За прошедшие 30 лет прогнозы стали куда скромнее. Да, падение крупного астероида вызовет катастрофу и множество человеческих жертв там, куда рухнет каменная глыба. Можно представить себе как встаёт огромный гриб, больше, чем от любого ядерного взрыва. Ударная волна разрушает всё, до чего сумеет дотянуться, в океане от соударения-землетрясения встают чудовищные волны, которые сметают всё на десятки километров вглубь побережья… Вот только в масштабе всего человечества разрушения будут сопоставимы с цунами в Индонезии в 2004 году. Если астероид рухнет, допустим, где-нибудь возле Австралии — жители России заметят только то, что новозеландские киви вдруг исчезли с прилавков. Несколько страшнее пересечение с орбитой развалившейся кометы, когда на Землю рухнет не один, а подряд несколько астероидов. Такое не заметить будет уже сложно, но большинство людей в первую очередь коснутся экономические проблемы связанного с катастрофой кризиса.

Нельзя сказать, что к опасности мы совсем не готовы. Совершенно необязательно повторять подвиг Брюса Уиллиса в фильме «Армагеддон» и ломать астероид на части, достаточно направить к нему космический аппарат таким образом, чтобы орбита гостя из космоса перестала проходить через Землю. Например, подтолкнуть серией направленных ядерных взрывов. Причём сделать это можно вблизи той же Луны, чтобы она потом притянула опасный булыжник к себе. Исследованиями по проблеме астероидной опасности занимаются в России, мониторинг потенциально опасных объектов проводит НАСА, обсерватории других стран. К сожалению, на сегодняшний день наблюдения ведутся фрагментарно. Так что дело остаётся за малым — договориться здесь, «внизу», о постоянном совместном наблюдении и мирном применении ядерного оружия в космосе.

Угроза неведомой болезни куда менее эффектна внешне, но после недавних эпидемий «какого-то гриппа» всем тоже достаточно знакома. Например, очередной метеорит или спутник заносят из верхних слоёв атмосферы вирус из далёкой звёздной системы или реликтовый микроорганизм, против которого у нас нет иммунитета. Первая фантастическая книга на тему болезни из космоса — роман Майкла Крайтона «Штамм „Андромеда“». Задумались про эту угрозу ещё перед полётами первых спутников. Поэтому и сами спутники, и космонавты до сих пор проходят карантин по возвращении. Тем не менее, шанс на биологическое заражение из космоса всё равно существует. И последующих сценариев два.

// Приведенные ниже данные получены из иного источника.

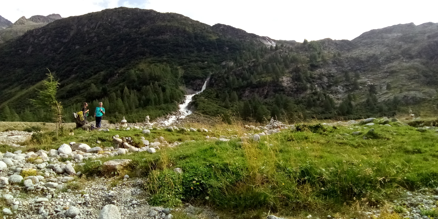 Odtud musíte již pěšky až ke stanici nákladní lanovky. Od ní přejdete řeku a začnete strmě stoupat až k Alte Prager Hütte, která je v rekonstrukci. Po cestě je několik možností doplnit vodu, proto se s ní zbytečně netahejte. Celkově vám zabere nástup na chatu Neue Prager Hütte (2782 m) 4–5 hodin. Doporučuji si chatu rezervovat.
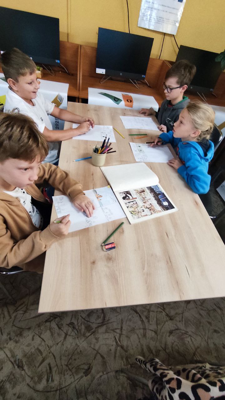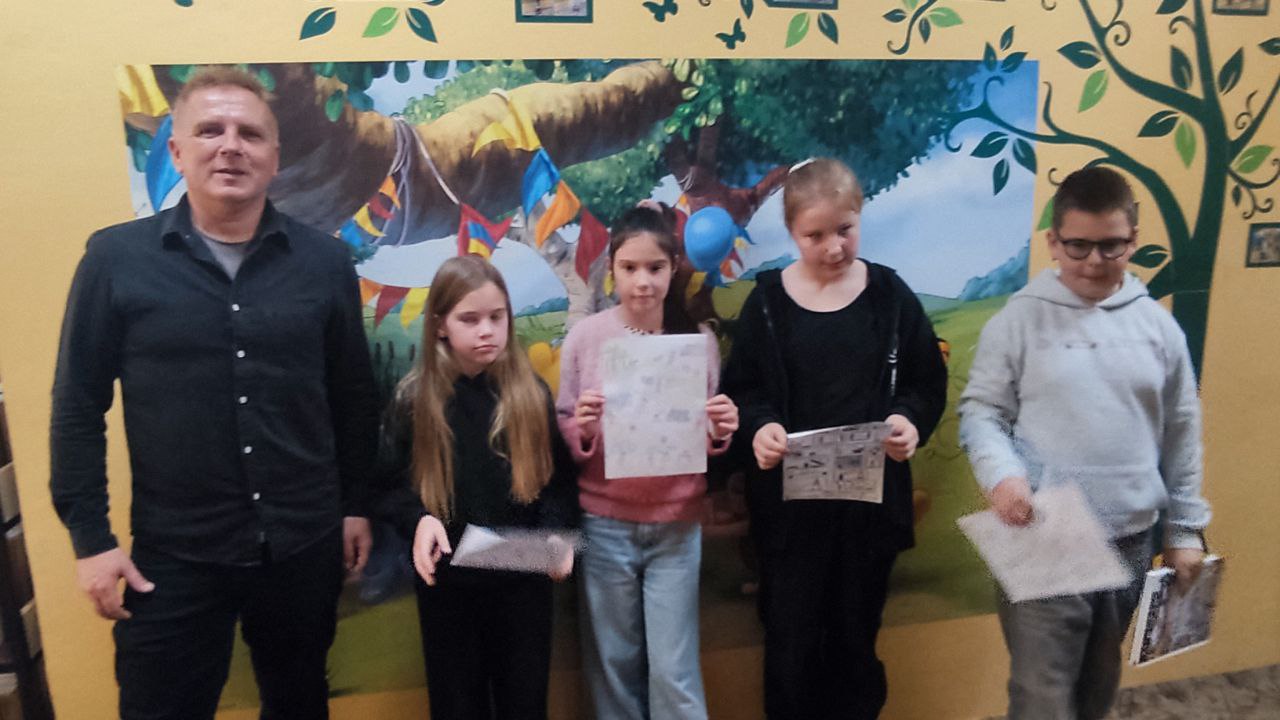 Gratulujemy uczestnikom zdolności plastycznych! Dziękujemy za spotkanie panu Zbigniewowi, a dzieciom za twórczo spędzony czas w naszej bibliotece.

Первый — болезнь поражает в первую очередь людей, немалые жертвы. Очень скоро в поражённом районе остаётся лишь зловещая пустота и тысячи тел, мимо которых с осторожностью передвигаются люди в защитных скафандрах, выискивая хоть кого-нибудь уцелевшего… Но медицина на сегодняшней день развита неплохо, поэтому смертельных последствий для цивилизации в целом можно не бояться. Самое худшее — поражённый район изолируют и стерилизуют ядерным взрывом. Второй сценарий намного хуже. Вирус ударит по биосфере, подточенной техническим прогрессом. Массовое вымирание не только диких, но и домашних животных. Исчезают многие растения, вместо пшеницы поля зарастают несъедобными, но живучими сорняками. Мировая экологическая и голод катастрофа разнесут цивилизацию вдребезги надёжнее ядерной войны. И хотя человечество как биологический вид выживет, произойдёт откат к каменному веку. Так что к этой угрозе нас можно считать готовыми только наполовину, и удача здесь нам всё равно необходима.

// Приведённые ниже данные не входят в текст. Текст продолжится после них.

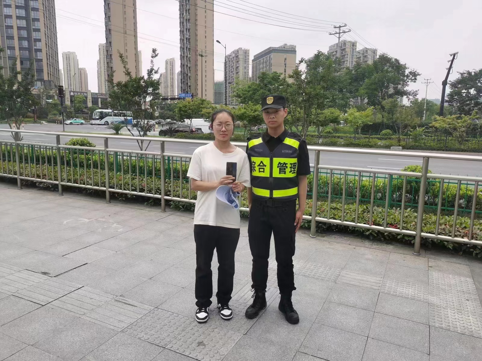 很快,一位身穿白色T恤的女子急匆匆地趕到約定地點(diǎn)。在核實(shí)證明手機是該女子所丟失后,彭帥超將手機交還給了她。該女子對民泰公司員工彭帥超拾金不為的行為連連感謝贊揚。
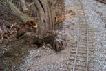 The members and riders will notice the new green signs that Ray Delmore routed out and erected at the named places. The snow toppled this tree next to the track behind the station. |
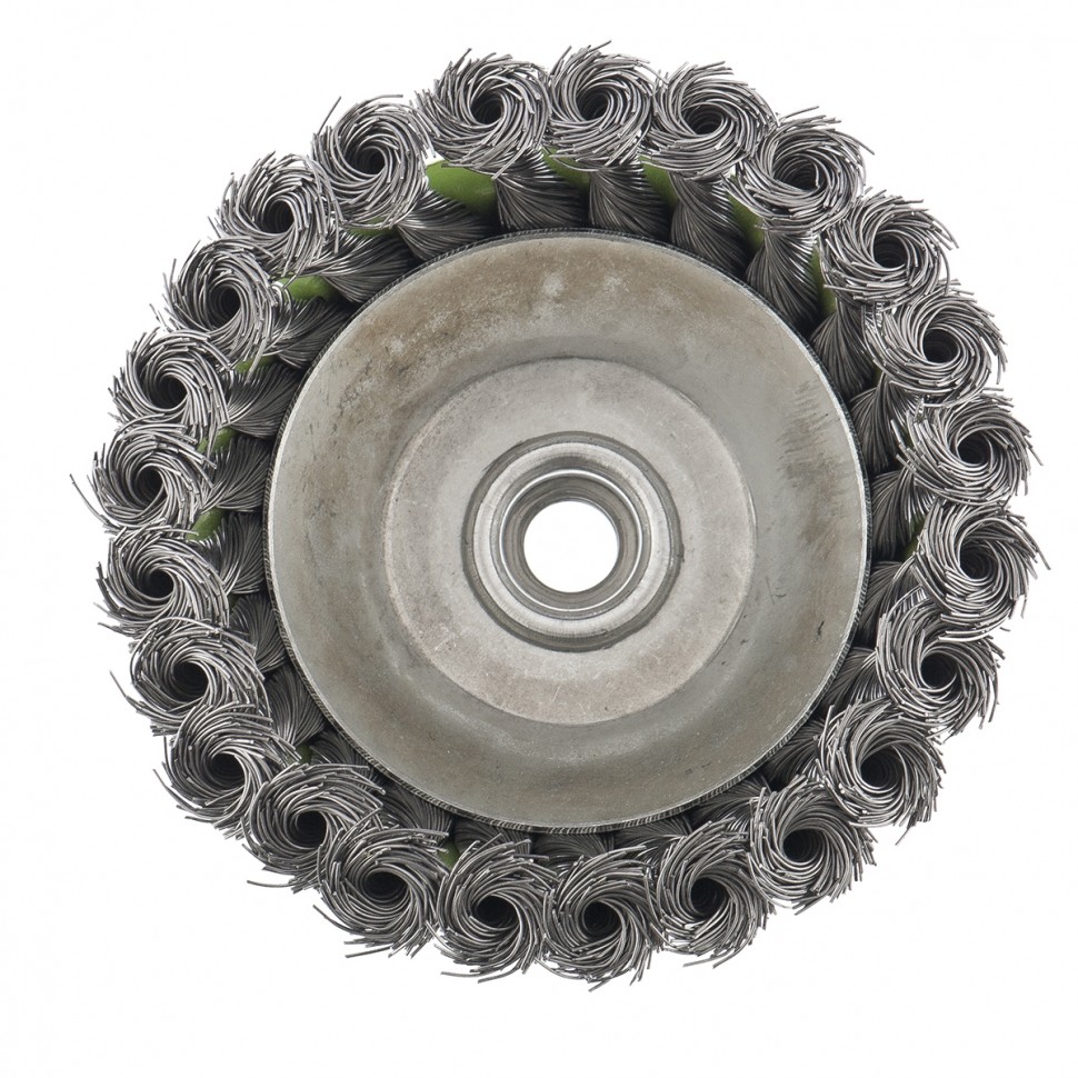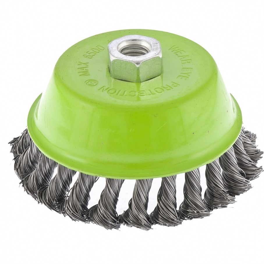 Щетка Сибртех «Чашка» 746247 диаметром 75 мм, с присоединительной резьбой М14, с щетиной из крученой проволоки диаметром 0,5 мм, устанавливается на УШМ, поддерживающую работу со скоростью 12500 об/мин. Изделие предназначено для грубой (черновой) обработки поверхностей и подходит для удаления загрязнений, снятия толстого слоя ржавчины, ЛКМ, зачистки сварных швов.ПреимуществаПрочность и долговечность — щетина из крученой стальной проволоки выдерживает значительные нагрузки.Высокая производительность — насадка формы «чашка» оптимальна для зачистки больших поверхностей.Универсальность — щетка подходит для обработки любых твердых материалов: металла, древесины, цветных металлов, пластика и т. д.Устойчивость к разрушению — корпус покрыт эмалью, а щетина —техническим маслом.

Следующий ужас — катастрофа на Солнце. Взрыв в виде особой сверхновой (хотя современная наука и отрицает такую возможность, скептики любят заявлять, что, дескать, «не всё ещё известно мудрецам»). Или, например, расширение Солнца до красного гиганта (до орбиты Венеры), с последующим повышением температуры на поверхности планеты и гибелью всего живого. Ведь если Солнце станет красным гигантом, средняя температура на Земле достигнет 100 °C и выживут только отдельные виды микроорганизмов. Впрочем, хоть человечество от такого масштабного события пока защититься и не может, шансы на подобную катастрофу в обозримые миллионы лет практически равны нулю, поэтому сегодняшнему обывателю про такие неприятности даже задумываться не стоит. Гораздо более вероятны другие варианты. Например, аномальная вспышка на Солнце с самыми разнообразными последствиями (от нарушения связи до серьёзных климатических изменений). Или совсем не эффектное, но гибельное изменение среднегодовой светимости.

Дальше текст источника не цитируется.